[What the exercise asks] Starting at the line below holding "在双边合作方面,截至今年11" and stopping at the line holding "Casa Roble’s senior", print every line exactly, both ends included, and leave the rest out.

[Records shown]
***

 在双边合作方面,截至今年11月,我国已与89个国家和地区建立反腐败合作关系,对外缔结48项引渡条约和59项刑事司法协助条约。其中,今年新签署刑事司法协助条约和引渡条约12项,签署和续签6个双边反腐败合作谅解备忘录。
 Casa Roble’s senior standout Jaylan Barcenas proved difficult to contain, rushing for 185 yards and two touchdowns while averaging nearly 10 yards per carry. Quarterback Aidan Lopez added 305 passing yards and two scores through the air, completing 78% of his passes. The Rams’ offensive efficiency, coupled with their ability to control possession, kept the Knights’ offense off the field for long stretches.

***

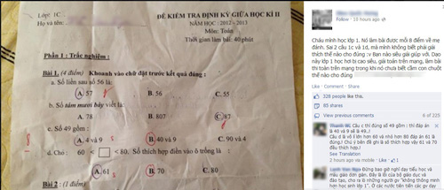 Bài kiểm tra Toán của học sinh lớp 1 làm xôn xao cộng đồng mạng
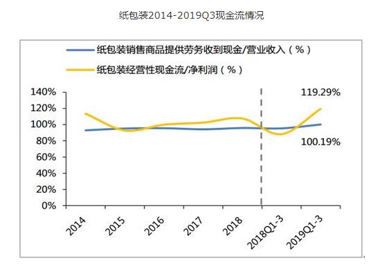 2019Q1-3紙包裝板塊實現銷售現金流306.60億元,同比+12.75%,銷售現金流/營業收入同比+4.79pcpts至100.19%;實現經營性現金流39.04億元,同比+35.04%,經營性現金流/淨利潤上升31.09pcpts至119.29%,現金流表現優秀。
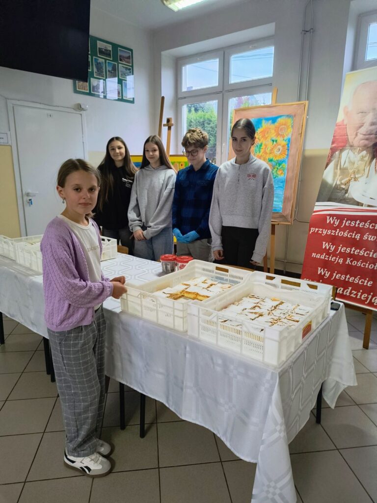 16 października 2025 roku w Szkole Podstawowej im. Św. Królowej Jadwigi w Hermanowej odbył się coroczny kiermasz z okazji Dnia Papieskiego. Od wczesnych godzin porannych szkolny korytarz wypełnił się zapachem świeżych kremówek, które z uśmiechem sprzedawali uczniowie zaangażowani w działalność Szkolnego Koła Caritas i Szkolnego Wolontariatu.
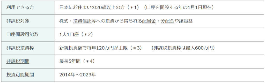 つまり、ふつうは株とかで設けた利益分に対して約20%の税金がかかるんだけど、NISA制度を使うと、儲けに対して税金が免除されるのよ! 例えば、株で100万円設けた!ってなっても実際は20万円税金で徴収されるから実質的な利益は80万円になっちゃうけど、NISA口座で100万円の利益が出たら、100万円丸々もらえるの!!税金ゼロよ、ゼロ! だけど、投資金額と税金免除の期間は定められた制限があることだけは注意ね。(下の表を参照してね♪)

***

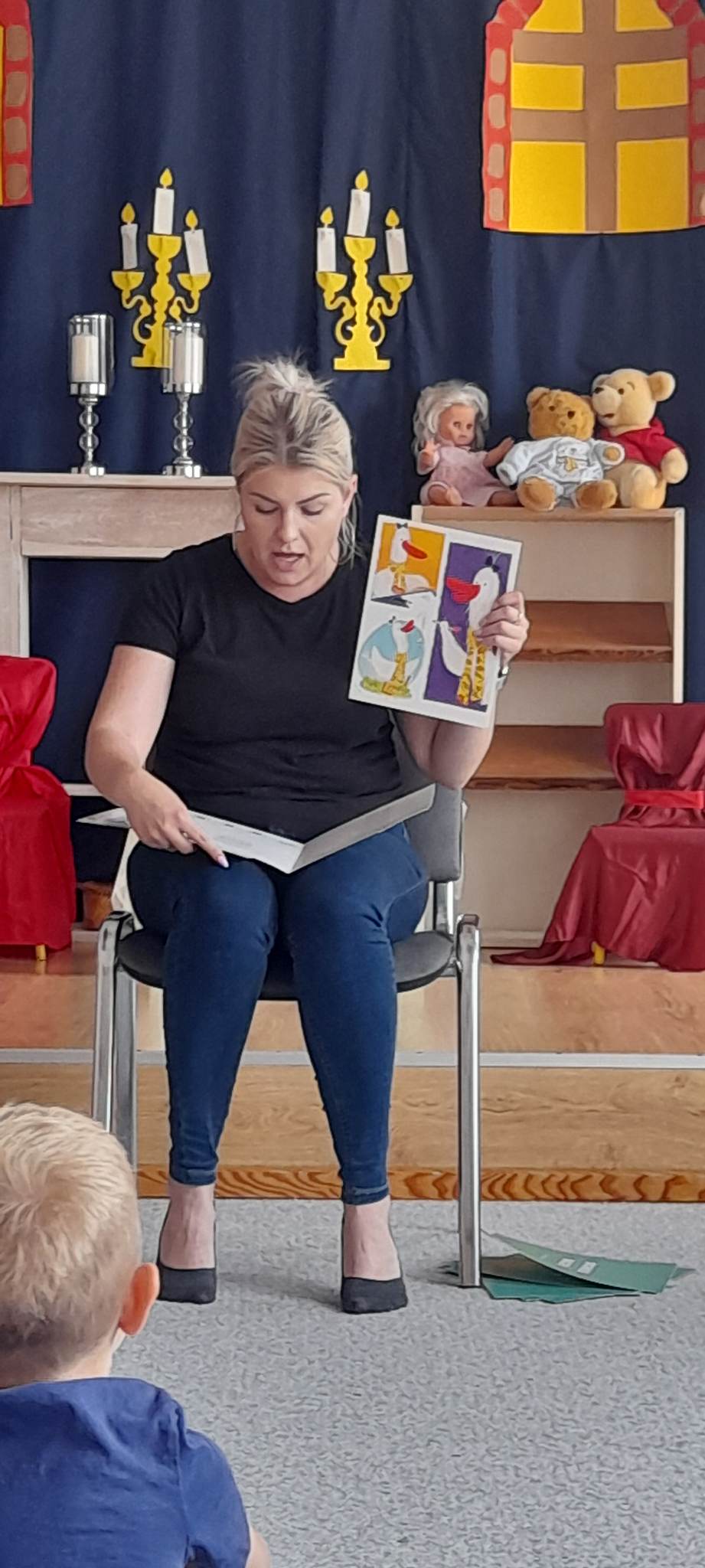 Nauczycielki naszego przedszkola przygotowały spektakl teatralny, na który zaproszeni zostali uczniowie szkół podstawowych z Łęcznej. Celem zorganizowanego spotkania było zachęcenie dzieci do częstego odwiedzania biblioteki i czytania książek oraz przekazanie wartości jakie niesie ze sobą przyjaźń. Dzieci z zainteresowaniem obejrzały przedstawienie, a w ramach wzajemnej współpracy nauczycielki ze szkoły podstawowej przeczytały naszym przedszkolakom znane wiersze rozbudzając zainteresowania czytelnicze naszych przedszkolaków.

***

[Solution]
 在双边合作方面,截至今年11月,我国已与89个国家和地区建立反腐败合作关系,对外缔结48项引渡条约和59项刑事司法协助条约。其中,今年新签署刑事司法协助条约和引渡条约12项,签署和续签6个双边反腐败合作谅解备忘录。
 Casa Roble’s senior standout Jaylan Barcenas proved difficult to contain, rushing for 185 yards and two touchdowns while averaging nearly 10 yards per carry. Quarterback Aidan Lopez added 305 passing yards and two scores through the air, completing 78% of his passes. The Rams’ offensive efficiency, coupled with their ability to control possession, kept the Knights’ offense off the field for long stretches.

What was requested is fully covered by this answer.